Your assignment: From the records below, set down exactly the lines starting with the line that contains "- 영업자 및 종사자" and going on through the line that contains "sizes: BD04F, BD03F.". Nothing else is wanted.

Given records:
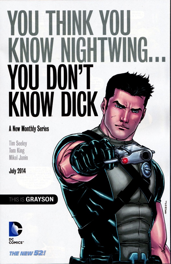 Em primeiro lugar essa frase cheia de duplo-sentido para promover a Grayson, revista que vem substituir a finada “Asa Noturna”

==

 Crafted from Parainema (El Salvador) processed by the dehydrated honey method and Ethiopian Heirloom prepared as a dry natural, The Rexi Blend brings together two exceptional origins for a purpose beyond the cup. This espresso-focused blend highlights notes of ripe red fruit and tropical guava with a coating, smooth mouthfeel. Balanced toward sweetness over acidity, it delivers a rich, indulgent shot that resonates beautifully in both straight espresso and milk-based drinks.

==

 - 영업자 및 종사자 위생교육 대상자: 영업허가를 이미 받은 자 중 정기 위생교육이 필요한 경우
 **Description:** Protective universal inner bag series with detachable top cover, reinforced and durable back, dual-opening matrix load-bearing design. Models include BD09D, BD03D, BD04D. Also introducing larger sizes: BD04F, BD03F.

Task answer:
 - 영업자 및 종사자 위생교육 대상자: 영업허가를 이미 받은 자 중 정기 위생교육이 필요한 경우
 **Description:** Protective universal inner bag series with detachable top cover, reinforced and durable back, dual-opening matrix load-bearing design. Models include BD09D, BD03D, BD04D. Also introducing larger sizes: BD04F, BD03F.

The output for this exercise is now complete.